So now the customer wants to dye the legs/apron rather than paint the legs/apron. I am going to have my work cut out on this one because the poplar legs are all over the place on color and different pieces of wood glued up for the blank. I let them know this was going to be difficult and can not guarantee how it will all look in the end...but they want to go forth...so I am going to do what they want. They are paying.
Had I known this in the beginning...I would have chosen maple for the legs and base as the color is much more even and easier to finish. Lots of blotch control is going to be the key here...I am going to mask it and just try and get a universal dye.
You can see here why it is going to be a challenge...different color wood and one spot that has a nickel size timbermate patch from what the router bit tore it out...at least the aprons are decent coloring.
Here are the aprons cut to size before tenons and profiles are cut. I took care over a couple days to slowly plane down and stabilize the wood overnight. I have been left with very nice straight pieces of wood
This is the setup I used on the table saw so that I could cut repeatable tenons. I just butted the wood against the hard side of the feather board and then worked my way back.
Each apron was marked to a corresponding leg mortise and all the tenons were then rounded to fit in the rounded hole mortises. This was done with the Japanese rasp, a technique I learned from Charles...works very well and cuts quick. The chisel was used to clean up the very bottom where the rasp would not get.

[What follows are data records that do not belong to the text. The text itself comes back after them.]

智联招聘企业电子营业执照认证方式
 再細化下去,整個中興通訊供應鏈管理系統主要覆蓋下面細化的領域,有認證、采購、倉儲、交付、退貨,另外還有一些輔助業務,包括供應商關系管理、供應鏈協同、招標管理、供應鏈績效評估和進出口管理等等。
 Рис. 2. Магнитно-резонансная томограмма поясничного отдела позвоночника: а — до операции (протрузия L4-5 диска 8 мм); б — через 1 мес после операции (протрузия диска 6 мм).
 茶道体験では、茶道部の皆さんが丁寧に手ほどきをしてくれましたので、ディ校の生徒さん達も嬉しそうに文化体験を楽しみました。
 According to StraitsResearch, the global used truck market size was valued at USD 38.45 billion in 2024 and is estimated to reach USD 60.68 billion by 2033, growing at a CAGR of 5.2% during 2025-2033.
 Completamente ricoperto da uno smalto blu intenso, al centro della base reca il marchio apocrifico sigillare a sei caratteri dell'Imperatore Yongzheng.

The fit is nice and tight, and while are of them were not perfect fitting on the ends. The edges were.
One of the test aprons I used to test my skills before moving on to the real pieces. The pic also shows detail of the beading bit on the bottom. The slot for the table top hold down is on the back.
Beading bit I used. MLCS #5534
The cherry top has been stabilizing for two weeks with a little bit planed off every couple days and then clamped over night. Everything has remained very stable.

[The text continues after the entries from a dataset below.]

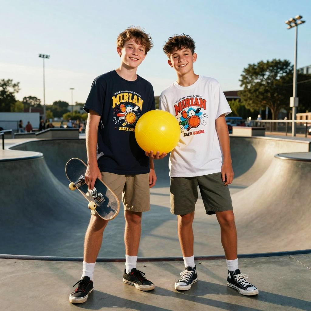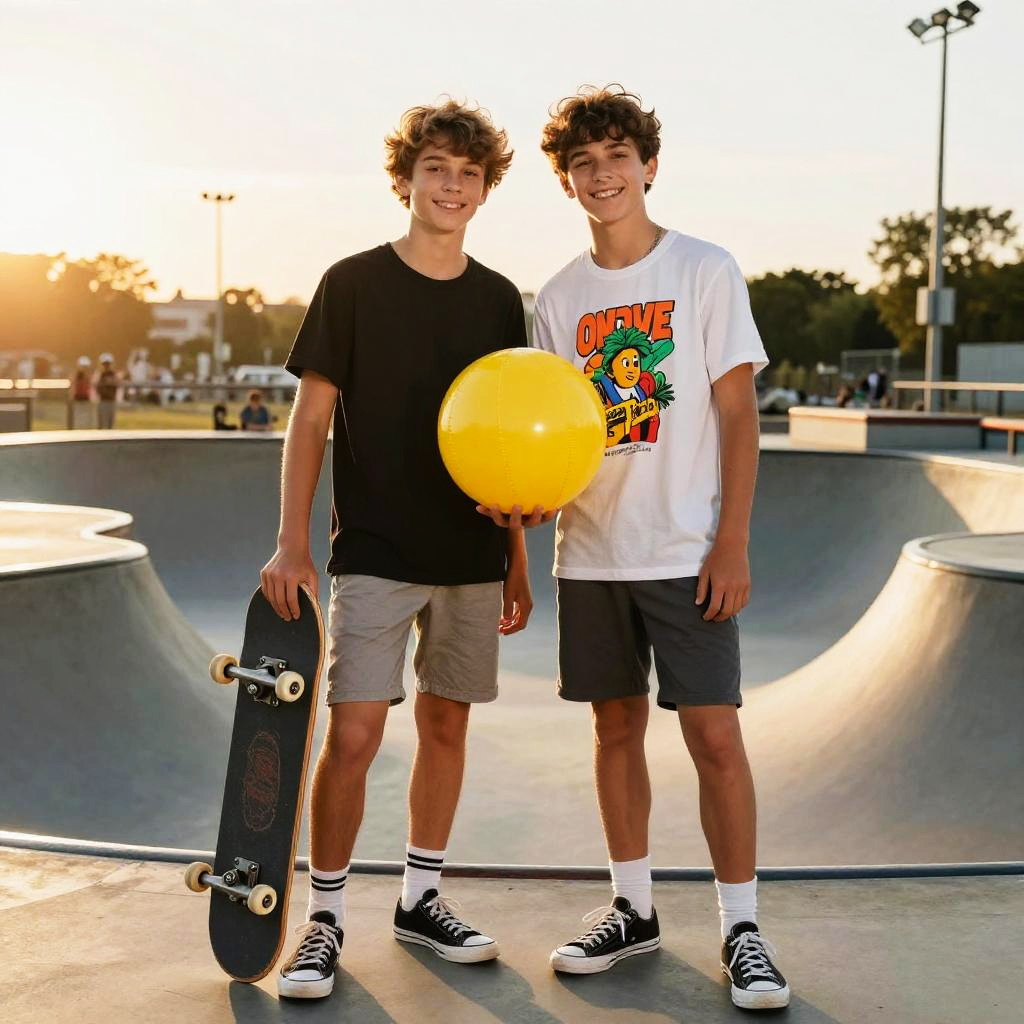 A teenage boy in a graphic tee and skateboard in hand in an urban skate park at sunset, depicted in comic book style. They pose together holding a bright yellow ball, cheerful expressions, balanced composition, vibrant yet natural palette, soft key light from the left, gentle rim light, clean background, shallow depth of field, crisp edges, subtle grain or paper texture consistent with style, controlled highlights and shadows, playful family-friendly mood, high detail and professional finish.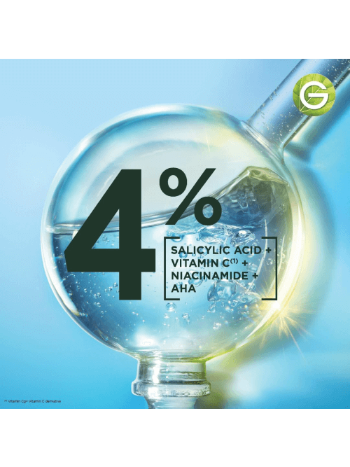 Découvrez notre nouveau Sérum Booster Garnier Fast Clear, avec notre concentration la plus élevée jamais vue de 4%* (Acide Salicylique + Vitamine C^+ Niancinamide + AHA). Après la 1ère utilisation, vous pouvez vous attendre à -35 % d’excès de sébum** et +46 % d’éclat***. En 28 jours, vous pouvez vous attendre à 90 % de visibilité des boutons en moins****.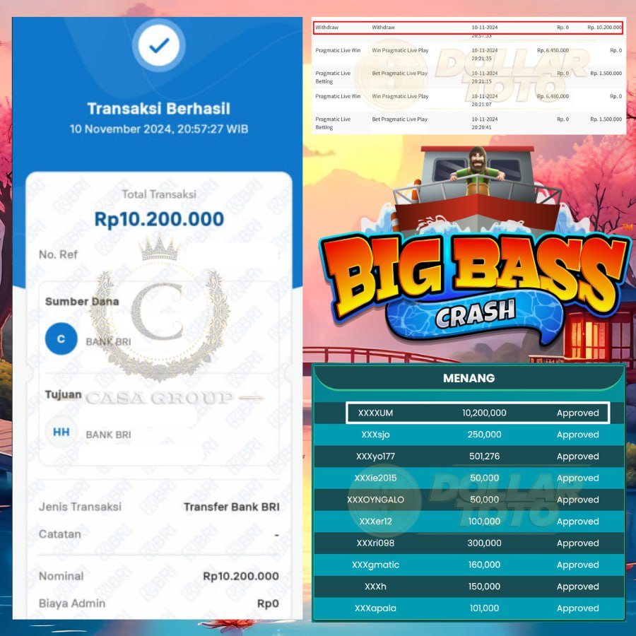 SELAMAT KEPADA MEMBER DOLLARTOTO, USER ID : XXXXUM, MENANG DI PRAGMATIC CASINO > BIG BASS CRASH.

I have sanded the legs/apron to 100 then wet it all to raise the grain. I then sanded 120 and 150. I think I will stop with 150 and start assembly. I am going to use 2 coats of CN BLotch Control and go for it.
One thing I have to mention are my 2 new best friends...my sanders. I have 2 three year old Milwaukee ROS and to be honest....they just don't work and have not for quite a while, yet I always just made do. My 12 year old Makita sander still works but it care more about hogging than leaving a nice finish. So I invested some of the money made from this commission back into tools and picked up these two sanders. I wish I had done this sooner because both of these sanders are so superior to what I have ever used.
The 6" Metabo SXE 450 (SEXY for short) is an absolute beast, but is also very refined as needed. It was this or the big Festool. I choose this based on some European recommendations and am extremely pleased with it and the savings. I used this with 80 grit to contour sand the legs and take the machine marks out of everything. It has variable speed, little vibration and is very quiet. Definitely a well made tool no doubt where it is not only variable speed but variable scratch patterns.
This 5" Bosch 20VSK was bought to replace the 2 milwaukees. It works better than they are did and the dust collection is fantastic from the included HEPA filter box. It also came wit han adapter that allows it to hook up to my vac and the bonus is the adapter also fits the Metabo.